Q. L. – C’était déjà le cas dans un de vos précédents romans, Mrak (Ténèbres).

D. A. – J’ai une certaine affection pour ce roman. J’étais persuadé qu’il susciterait la polémique en Serbie, par les références que j’y faisais à certains écrivains du pays. Rien ne s’est produit et j’ai compris que je n’étais pas fait pour le roman engagé. Mais le thème de la paranoïa, d’autres motifs aussi, reviennent dans le roman qui paraît.

Q. L.Sangsues fait allusion à un antisémitisme apparemment répandu à cette époque.

D. A. – Le roman est fondé sur des événements bien réels. Dans le système communiste qui existait avant, l’antisémitisme ne pouvait s’exprimer. Avec la démocratie il a pu se manifester de façon ouverte. Entendez-moi : je ne regrette pas l’ancien système. La Serbie ressemble à la plupart des pays démocratiques de ce point de vue. Si je pouvais éprouver une mince consolation, je dirais qu’au Canada, ces manifestations sont plus fréquentes.
Il est cependant pénible de lire son nom dans une liste d’écrivains juifs et non pas serbes.

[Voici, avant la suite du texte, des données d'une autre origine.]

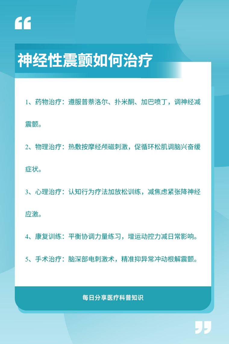 神经性震颤的治疗方法有药物治疗、物理治疗、心理治疗、康复训练、手术治疗等。

Q. L. – Dans le roman, cet antisémitisme pousse le narrateur qui n’est pas juif, à se rapprocher de la communauté juive de Zemun, qui a une histoire.

D. A. – En effet. Elle a réussi à vivre dans cette zone du pays qui étant frontalière était réservée aux militaires de l’Empire austro-hongrois. C’est une communauté charnière puisqu’elle comportait aussi bien des Juifs orientaux, des Balkans, que des ashkénazes incarnant l’Europe. Elle fait le lien. Et puis c’est parmi les Juifs que l’on trouvait les marchands de sangsues. Dans le roman, le narrateur fuit dans l’Histoire, dans le passé. Le présent est trop pesant.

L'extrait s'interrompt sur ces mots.